Some members of the Algorithmic Network Science Group in the Network Science Center have been studying identifying spreaders in complex networks. We have mostly focused on the Susceptible-Infected-Recovered (SIR) disease spread model. We’ll describe this model in words, but the model is perhaps best understood with an animation, so let’s show one first:

In an SIR model, we start with one infected node. At the first time step, that node affects it’s adjacent nodes with some probability p. The node itself moves to the recovered state, meaning it no longer has the disease and can no longer get the disease.

At the next time step, each of nodes infected during the first time step will transmit the disease to each of their neighbors with probability p, and then move to the recovered state. This process repeats until there are no more infected nodes left.

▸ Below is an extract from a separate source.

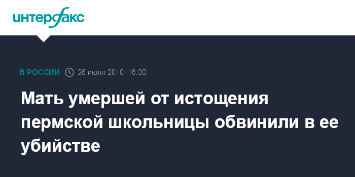 Москва. 26 июля. INTERFAX.RU - Следственные органы предъявили обвинение жительнице города Краснокамска Пермского края, чья 14-летняя дочь умерла, по некоторым данным, от истощения.

If we start this process with different nodes in the network as the initial node, the simulations can look very different. With certain initial nodes, like those connected to very few other nodes, the disease may die out quickly. For other initial nodes, the disease may spread rapidly to the majority of the nodes in the network. A question one might ask is, “what nodes are the best spreaders of disease?” This question is relevant if you are modeling the spread of disease with an SIR model, but it could also apply if the stuff that is spreading is information instead of a disease, or if you are using something other than SIR to model the spreading process.

One way to identify the best spreaders in a network is to run lots of simulations. We can infect one initial node, run a simulation similar to the one shown in the animation, and record the number of nodes that are infected in that simulation before the disease dies out. Then we can repeat this simulation 100s of times for that node, and compute the average number of nodes that become infected during those simulations. We can also repeat this for different initial nodes in the network. The best spreaders could be defined as the ones that, on average, infect the highest number of nodes.

We can run simulations like these fairly easily on small networks, but simulations become computationally expensive when the size of the network becomes very large. So we aim to find the best spreaders using other methods.

In a recent paper, we (MAJ Paulo Shakarian, MAJ Nick Howard, CDT Geoffrey Moores, and I) showed that eigenvector centrality does the best job of identifying spreaders, among the centrality measures we tried. Currently, we are working on three projects that are closely related to the work in that paper. CDT Geoffrey Moores is developing algorithms to identify the best subset of nodes, rather than the best individual node. CDT Rob Delaney is studying the Susceptible-Infected-Susceptible (SIS) disease spread model instead of the SIR model. MAJ Nick Howard is determining what, if any, conclusions we can draw when we have a partially observed network; that is, when our information about the network is incomplete.